I’m not singling MWR out, although the fact that their march is this weekend was obviously the catalyst for this post. It’s worth noting that the website for Feminism in London 2010 makes no mention of trans-inclusion despite still saying that some workshops may be women only . And the the flyers for Reclaim the Night London 2010 are already designed and in circulation, and *still* say “women-only” without further clarification. This is despite our discussions with the organisers of both events last year (linked above), and their protests that they couldn’t change anything so close to the event. That can hardly be the excuse this time, although when we raise it closer to the time I’m sure they’ll say the same again. It just goes to show how seriously they take it, I guess, and I find it incredibly disappointing. WHAT is so hard about adding the words “self-defined” to their websites, posters and flyers? There can be no claim to ignorance or misunderstanding about the importance of doing so, we’ve had this discussion over and over now. There seem to be only two plausible conclusions from all of this: either the cis women organising these high profile feminist events would really rather trans women didn’t come to “women only” events but are aware that they’ll face a backlash if they say so; or they *simply don’t care enough* about the issue to make sure trans women know without doubt that they are welcome.

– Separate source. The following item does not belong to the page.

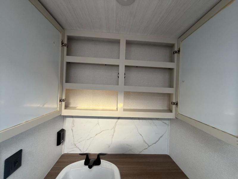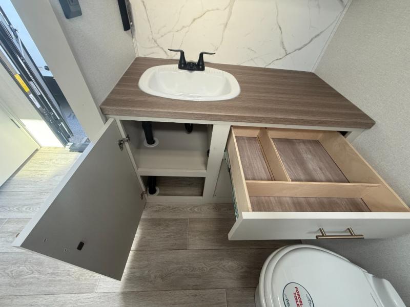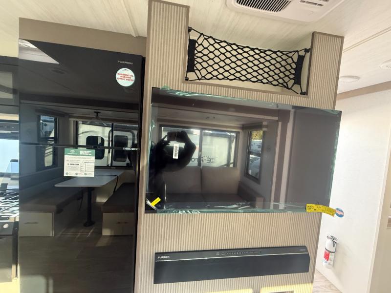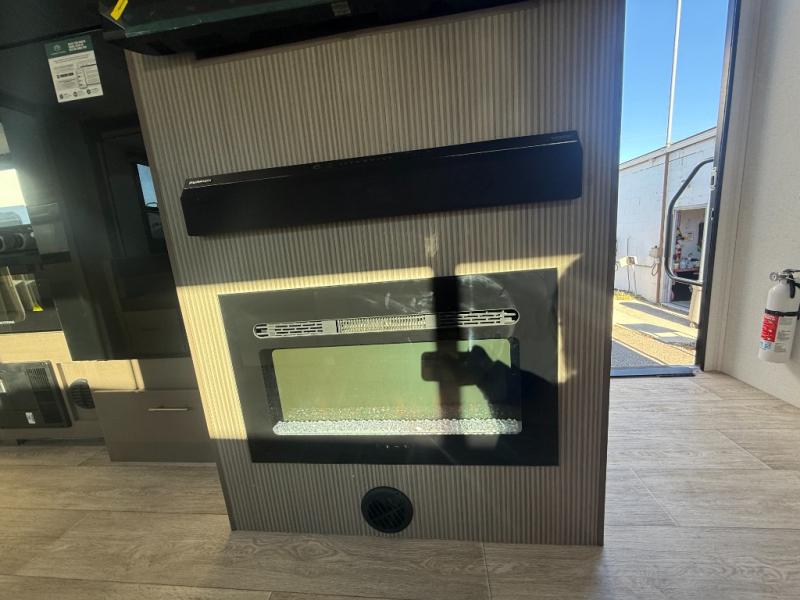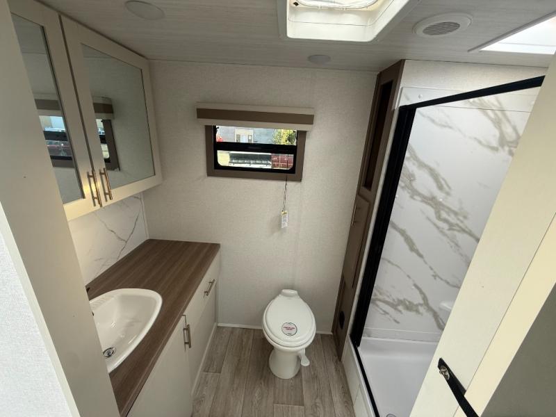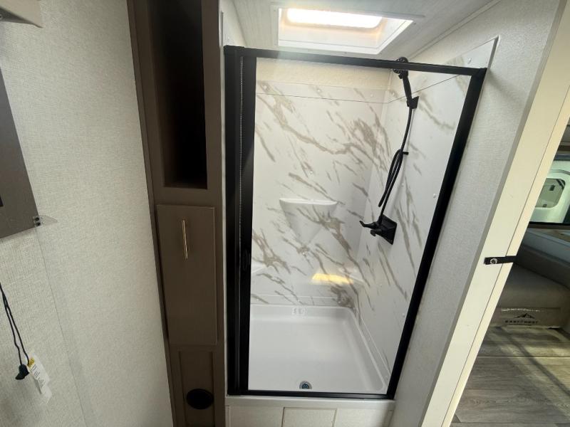 Wow! Check out the spacious full rear bath in this travel trailer for five! You'll appreciate a linen closet here and a shower skylight to let natural light in. Your crew can get comfortable on the tri-fold sofa that sits directly across from the fireplace for a more cozy feel. There is also a booth dinette here with storage space underneath for board games. Head to the kitchen to prepare dinner on the three burner cooktop and use the countertop extension to cut fresh fruits and vegetables. A front private bedroom with a king bed and dual wardrobes will have you feeling right at home. Start camping today!

This isn’t the case for all feminst events by any means. Bristol Reclaim the Night, as just one recent example, has made trans-inclusion explicit in their publicity. But more of them need to do better, and the worst offenders seem to be the highest profile. It’s not my place to speak for trans women, but I think it’s incumbent upon all cis feminists to step up the pressure on the organisers of major events to try to change this situation. We need trans women in our movement. They have unique perspectives to bring to the table and their disproportionate suffering of male violence means they should be front and centre in our efforts to overthrow it.
Please note that I write this as an individual, not as a representative of The F-Word bloggers’ collective. Actually this is always the case unless we explicitly state otherwise. This shouldn’t be taken as an indication that the rest of the bloggers either agree or disagree with the way in which I’ve voiced my opinions, just that it takes us a long time to collaboratively write a post, and we haven’t had time to do that (we were waiting to see if MWR would update their website, but so far they haven’t). Comments are open but please note they will be strictly moderated in line with our comments policy, including our statement on transphobia and cissexism
Image of MWR 2009 March by Catherine Redfern, shared under a creative commons license (although I’m sure she wouldn’t mind us using it anyway!)